198 A.D. 394 | N.Y. App. Div. | 1921
The surrogate has determined that under the will of the testator his widow had a vested title to the real and personal property, subject only to the conditions mentioned in first two items marked “ second.” (See Matter of Fredenburg, 114 Misc. Rep. 299.) Concededly, the first of the three items marked “ Second ” gives' to her, if standing alone, such title. The third of the items marked “ Second ” provides, if the wife dies before any of the children arrive at the age of twenty-one, that all of bis property be sold and the proceeds divided into four equal shares which he gives to his children, Harry, Carrie, Charles and George, share and share alike. The third item provides that in the event of the wife’s death after either of his children have arrived at the age of twenty-one years, and they have received the sums thereinbefore mentioned, “ my estate shall be sold and the proceeds of such sale shall be divided into four equal shares and given to my children Harry, Carrie, Charles and George, share and share alike,
The provisions of the will following the gift to the wife are so inconsistent with an absolute gift that they qualify the gift to her, with the effect that she had only a life use in the property and a hen upon the share of George for the amount paid him.

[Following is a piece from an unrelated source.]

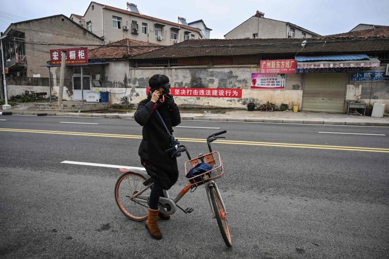 A woman puts a protective mask in a neighborhood on the outskirts of Wuhan, China, Jan 27, 2020.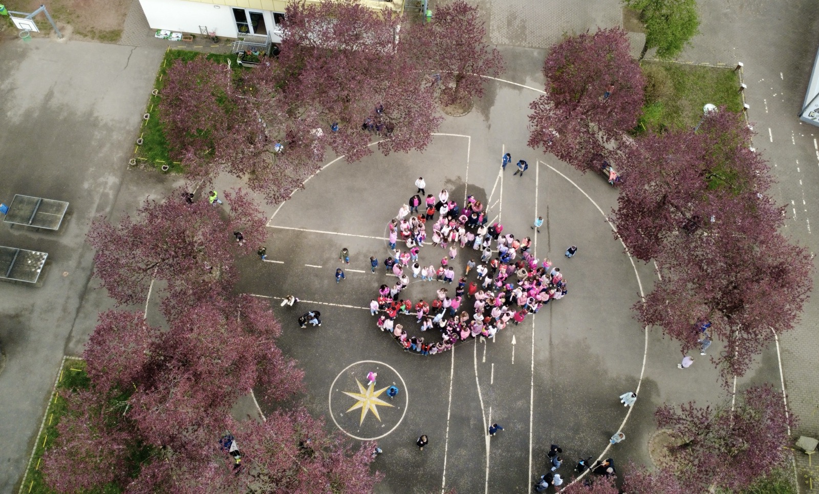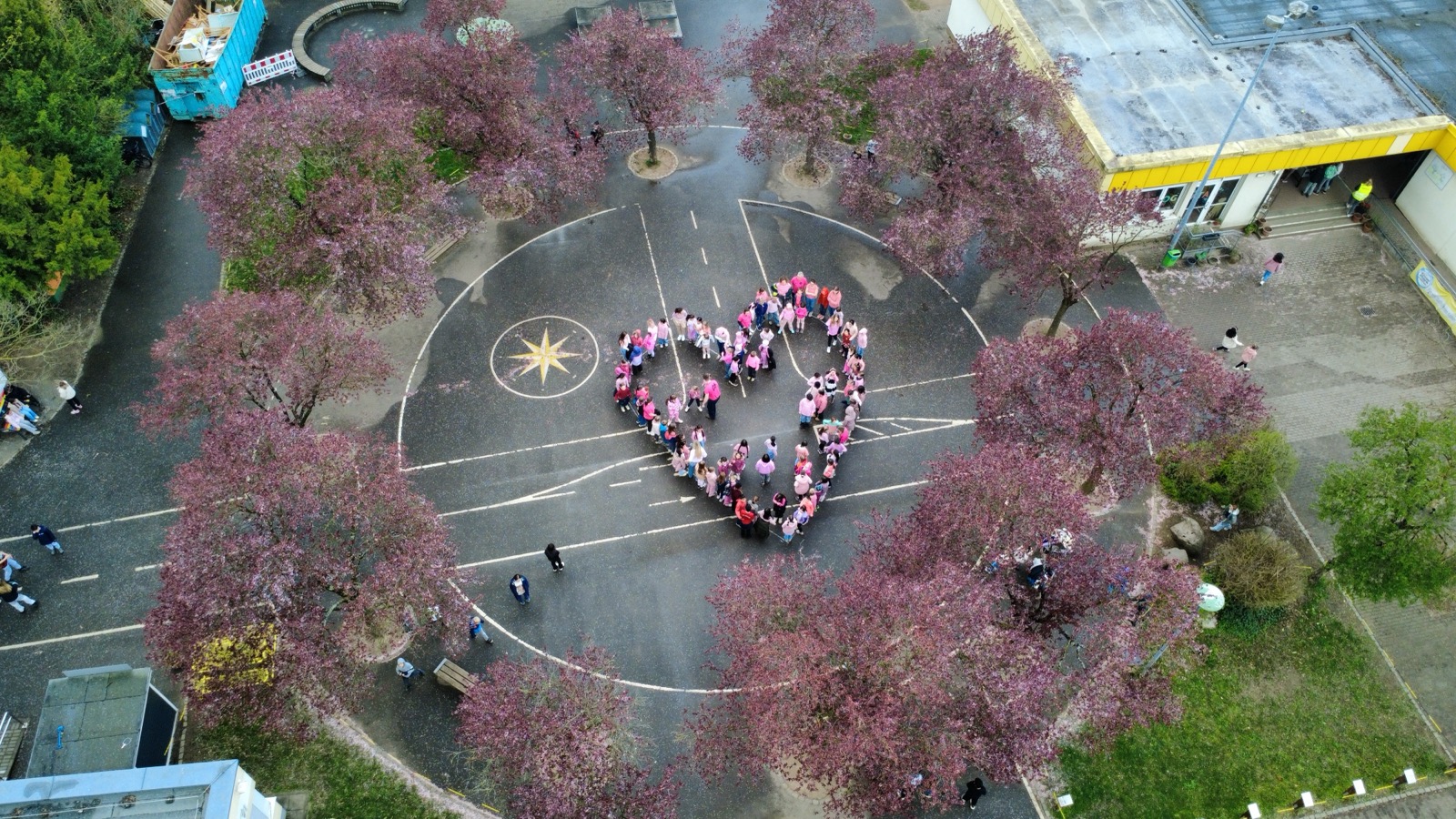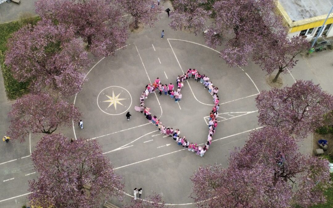 In der Woche vom 23.04.2026 bis 27.04.2026 haben wir jeden Tag gemeinsam ein Zeichen gesetzt. Zu Beginn der großen Pause trafen sich Kinder und Lehrkräfte auf dem Schulhof und bildeten zusammen ein großes, pinkes Herz. Jeden Tag wurden es mehr Teilnehmerinnen und Teilnehmer.

The decree is, therefore, erroneous in determining that the widow was vested with the title to the real and personal property; the rights of the parties should be determined by the surrogate according to this opinion.
The decree is, therefore, reversed and the matter remitted to the surrogate for his further consideration.
Cochrane, H. T. Kellogg, Kiley and Van Kirk, JJ., concur.
Decree reversed and matter remitted to the surrogate for further consideration, with costs to the appellant to abide event.